# moving to Canada



## paulandrosie (Jan 14, 2008)

can anyone advise us regarding moving to canada, such as to where the best place to be is, and what the work situation is like?
we have 2 small children so we are looking for a quiet life with decent weather and a low crime rate, not to much to ask i hope!
i have 20 years experience in the plastics extrusion industry currently making pipes for the oil industry, would this be enough to get me in on a work based visa?


----------



## Deeana (Jul 13, 2008)

The province of Alberta is actively looking for immigrants from the UK so if I were you I would contact Alberta House in London (Alberta United Kingdom Office) 
and get more information about moving there. There has always been a reasonable chance of getting a job in Alberta, although not all jobs pay as well as you might like, and taxation is high. Property is cheaper, and you can have a good standard of life much more easily than in the UK. However, the weather leaves a lot to be desired, as it is cold in the winter and the winters are long. Warmer areas tend to be in the Vancouver region, and it is much more difficult to make a start there. I lived in Calgary for ten years with my family and I can tell you pretty much anything you want to know about starting a new life out there. Good luck.


----------



## paulandrosie (Jan 14, 2008)

can you tell us what the lifestyle is like, do the canadians accept the brits or are we seen as immigrants? having been to the US several times the americans seem to like the british is this the same in canada? also any advice you can give us would be much appreciated, did you use an immigration lawyer to sort your visa`s etc, if so can you recommend one? 
cheers, paul and rosie.


----------



## Deeana (Jul 13, 2008)

Hi, I'll try to answer your questions fairly, although they are very subjective - everyone has a little bit of a different experience, but I'll try to put the average point of view.
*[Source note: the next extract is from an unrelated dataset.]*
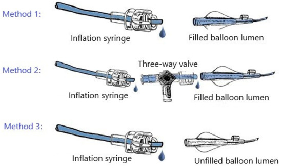Method 1 involved (1) purging and filling the balloon lumen with the inflation solution and connecting it to the inflation syringe and (2) aspirating three times for 10 s and then slowly releasing the negative pressure for 10 s. Method 2 involved (1) purging and filling the balloon lumen with the inflation solution; (2) connecting the inflation syringe and the balloon catheter via a three-way valve with the meniscus-to-meniscus method; (3) aspirating for 10 s and slowly releasing the negative pressure for 10 s; (4) removing air from the system through the three-way valve; and (5) again, aspirating and releasing the negative pressure for 10 s. Finally, method 3 involved (1) connecting the inflation syringe to the balloon catheter without purging and filling the balloon lumen and (2) aspirating three times for 10 s, then releasing the negative pressure for 10 s.

Lifestyle: In general, assuming you are working at a regular job, weekdays are taken up by the commute to downtown, working and then commuting home. People work hard, and often long hours and they take work VERY seriously. They do not skive. Weekends are for relaxing. Much socializing revolves around family get-togethers, or else hockey. Hockey is VERY IMPORTANT IN CANADA. This is often overlooked by Brits. It starts when the kids are young, too young to walk. They learn to ice-skate by pushing a chair around on an ice-rink and pretty soon are playing mini-league hockey. No kidding. If you have children young enough to get involved, then you as parents can be involved too, and you will be accepted by the Canadians. If you don't have kids yet, then you should learn to play, or at least to enjoy the game and support the local team. The Calgary Flames for example. There is a great hockey arena (Saddledome) in Calgary where you can go for a great night out (of hockey) and also, in the summer there is the Calgary Stampede, with all the bucking broncos etc. They are all cowboys at heart! Great people, very friendly on the surface, they love a beer or two on hockey night.

The cowboy thing is specific to Alberta. The hockey thing is a CANADIAN thing. You can't avoid it.

Do they like the Brits? Yes and no. If you keep talking about the ways things are done in the UK they will definitely get fed up with you. But if you say how much you like Canada, and especially HOCKEY, they will embrace you. Invite your neighbours round for a beer on hockey night, and you'll soon make friends. Try not to complain about the weather. 

We didn't use any immigration specialists. We just filled in the forms ourselves. If you have some good formal qualifications, several years of experience in your work field, are under 45, healthy, not in debt or a criminal, I think they'll accept you without any need for a lawyer. I'd save my money. 

Hope this helps, more where that came from!!!!
Cheers.


----------



## redmaple (Jul 19, 2008)

paulandrosie said:


> do the canadians accept the brits or are we seen as immigrants?


So you mean that because you are a Brit you should not be seen as an immigrant? Why?


----------



## paulandrosie (Jan 14, 2008)

what i meant was that we brits have a have a good image so far with america, and i wondered if this view was shared by the canadians, i know we would always be considered immigrants but do the accept us happily?


----------



## paulandrosie (Jan 14, 2008)

is there any thing you dont like about canada or wish you could change?


----------



## lanie911 (May 27, 2008)

Heya. the Alberta House in London is great to talk to Skilled worker applications for immigration of you are looking for just a work visa they will refer you to the CIC website. at least thats what happened to me yesterday. 

And Deeana Everyone know the Oilers are Way better than the flames! lol. Ah i miss the hockey rinks....and the players lol.


----------